• **Supplied data**
================
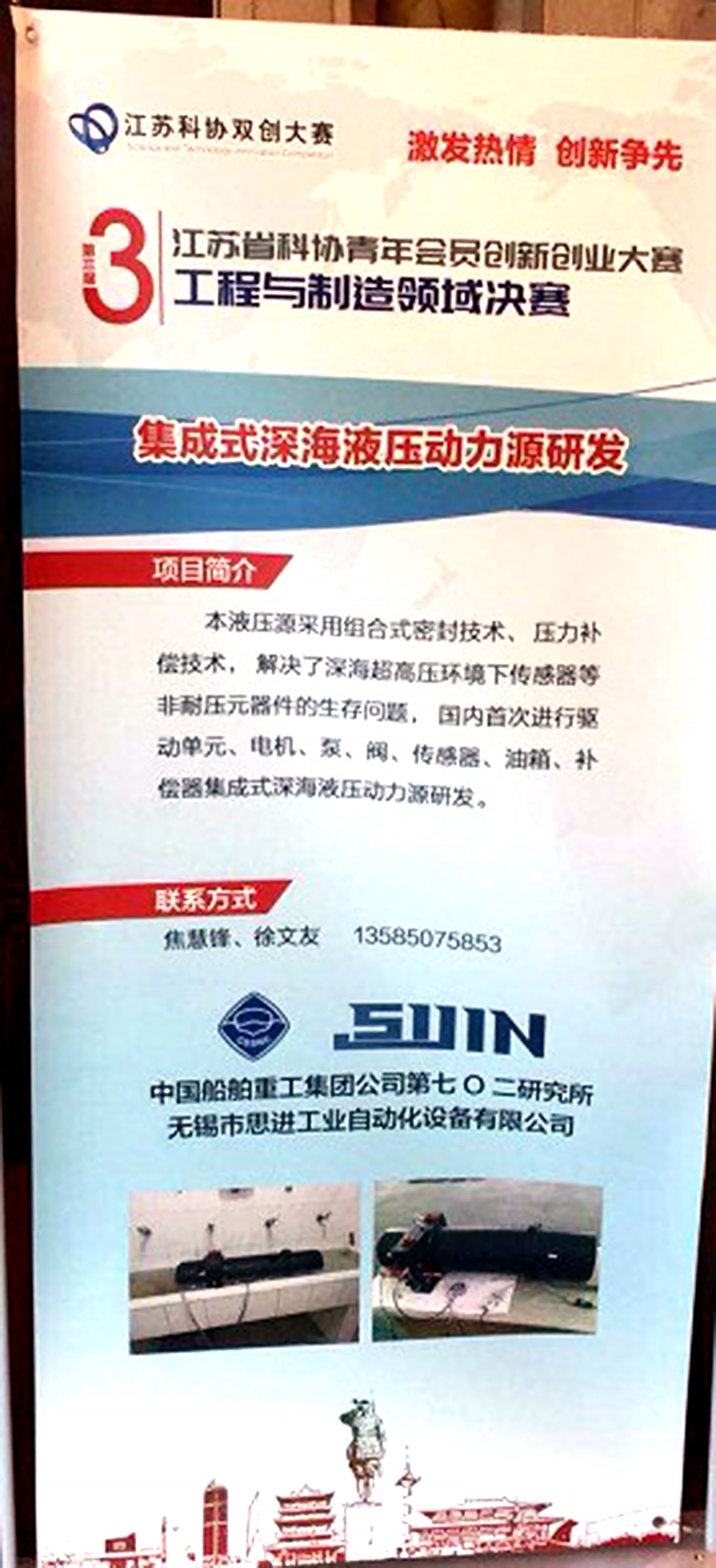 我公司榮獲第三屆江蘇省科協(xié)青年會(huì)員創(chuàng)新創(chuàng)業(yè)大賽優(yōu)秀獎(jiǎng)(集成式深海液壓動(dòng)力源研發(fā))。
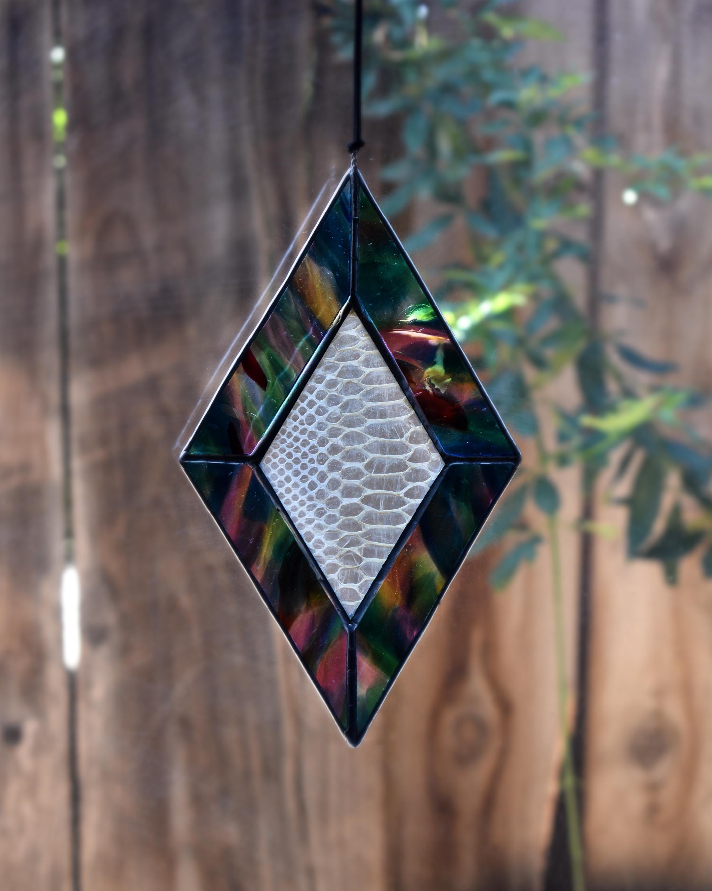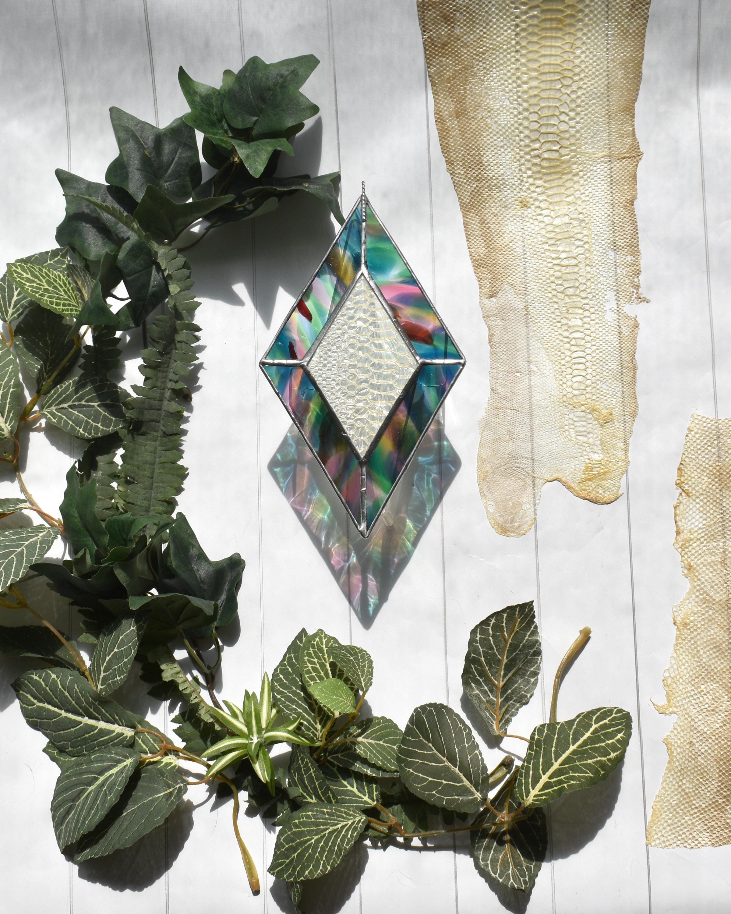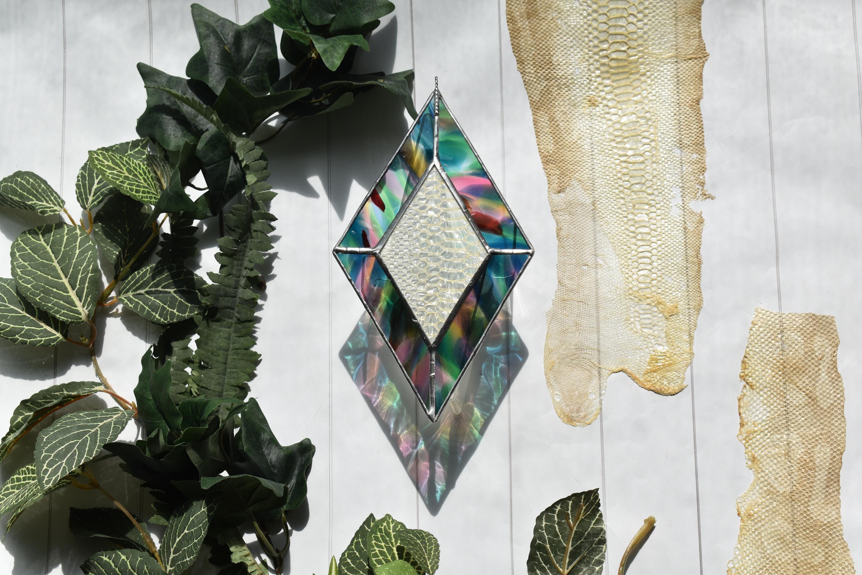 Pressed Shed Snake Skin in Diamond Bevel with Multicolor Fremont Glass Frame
================
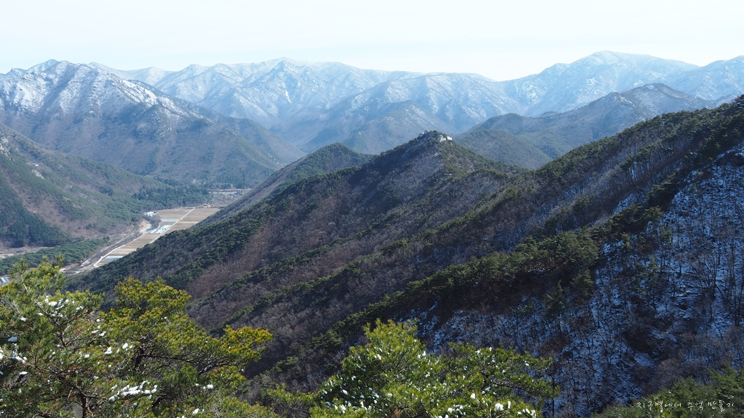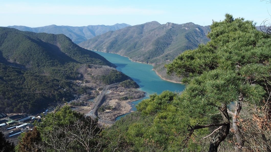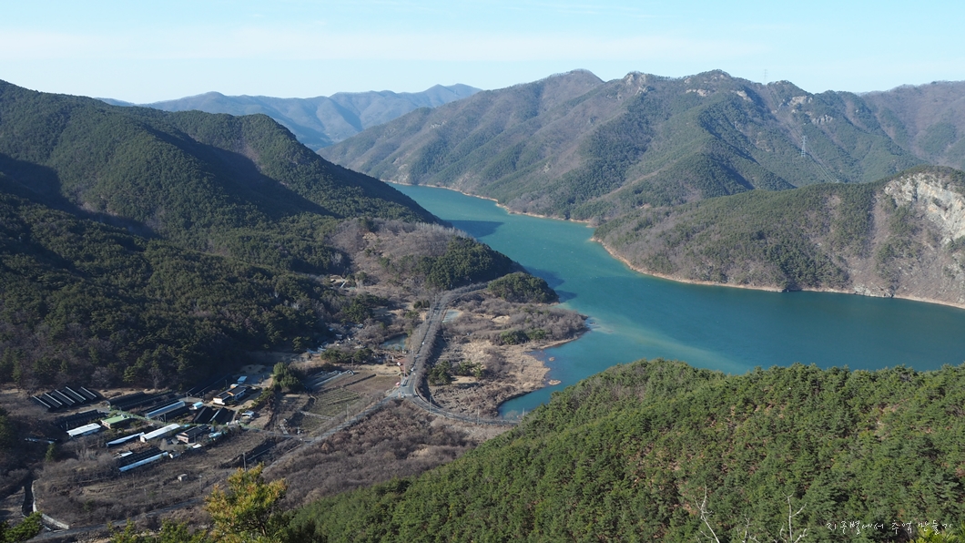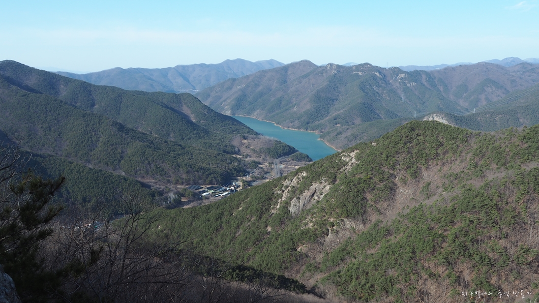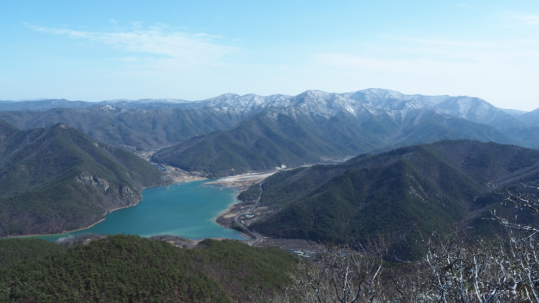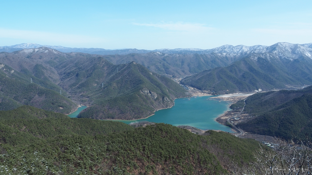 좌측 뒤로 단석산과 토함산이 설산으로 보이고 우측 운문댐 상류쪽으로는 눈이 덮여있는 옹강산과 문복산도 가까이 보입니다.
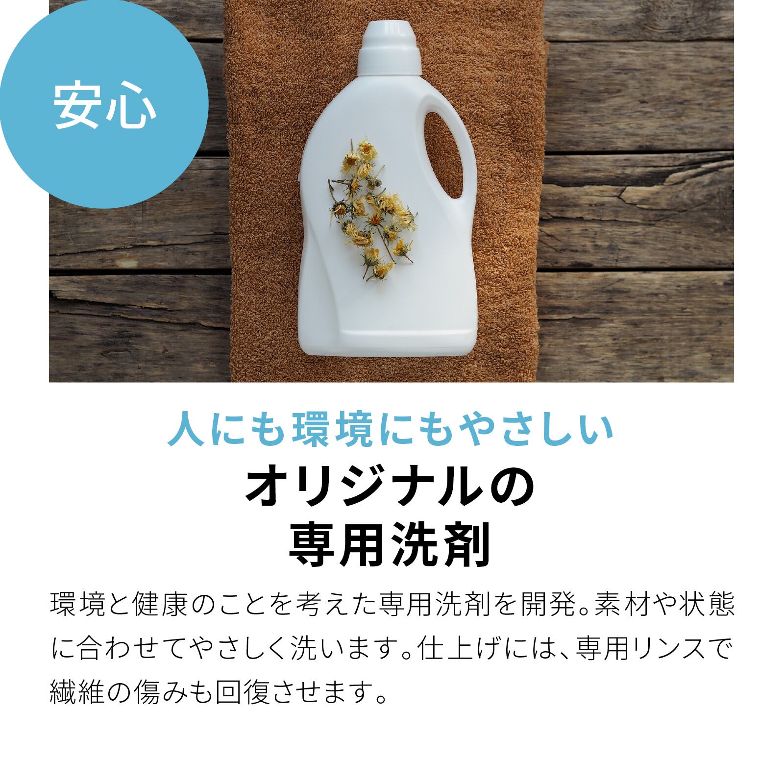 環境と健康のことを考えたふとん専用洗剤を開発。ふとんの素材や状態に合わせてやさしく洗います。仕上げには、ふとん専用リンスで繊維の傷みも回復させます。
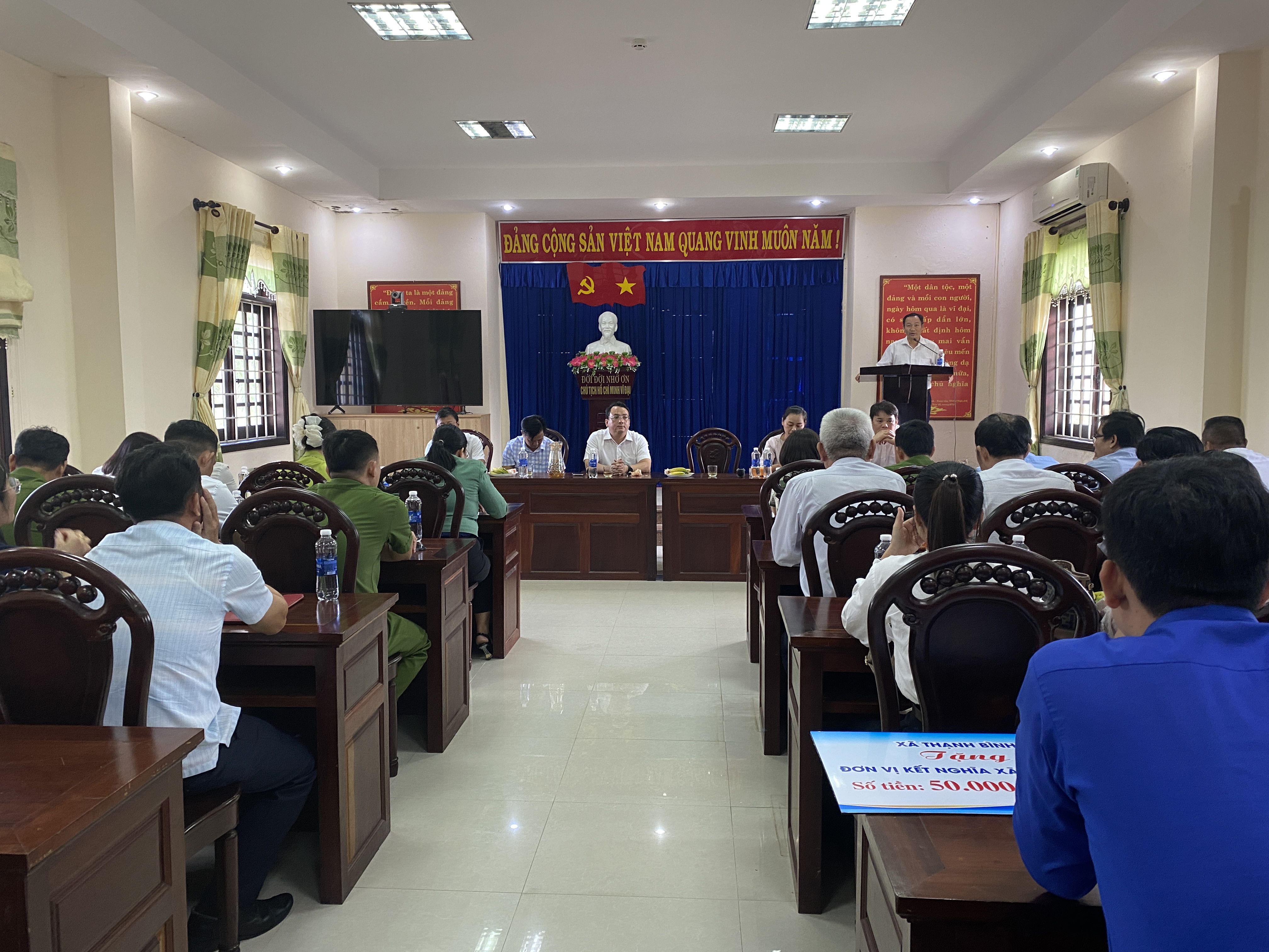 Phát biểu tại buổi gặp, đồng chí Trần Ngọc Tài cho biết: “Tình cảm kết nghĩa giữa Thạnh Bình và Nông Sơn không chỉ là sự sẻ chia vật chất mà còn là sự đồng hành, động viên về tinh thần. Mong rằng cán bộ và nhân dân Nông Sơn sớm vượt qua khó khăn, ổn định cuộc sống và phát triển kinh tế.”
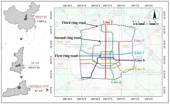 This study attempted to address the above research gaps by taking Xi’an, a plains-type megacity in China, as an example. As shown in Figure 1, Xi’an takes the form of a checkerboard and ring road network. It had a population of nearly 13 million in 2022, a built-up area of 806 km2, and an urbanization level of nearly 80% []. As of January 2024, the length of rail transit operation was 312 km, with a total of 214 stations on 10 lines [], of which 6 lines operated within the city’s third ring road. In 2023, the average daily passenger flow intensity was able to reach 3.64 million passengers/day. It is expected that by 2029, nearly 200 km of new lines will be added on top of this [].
================
• **What you should do**
All lines above from the one containing "我公司榮獲第三屆江蘇省科協(xié)青年" up to and including the one containing "Pressed Shed Snake" are to be set down exactly, and nothing else. Leave images out.

• **Final answer**
 我公司榮獲第三屆江蘇省科協(xié)青年會(huì)員創(chuàng)新創(chuàng)業(yè)大賽優(yōu)秀獎(jiǎng)(集成式深海液壓動(dòng)力源研發(fā))。
 Pressed Shed Snake Skin in Diamond Bevel with Multicolor Fremont Glass Frame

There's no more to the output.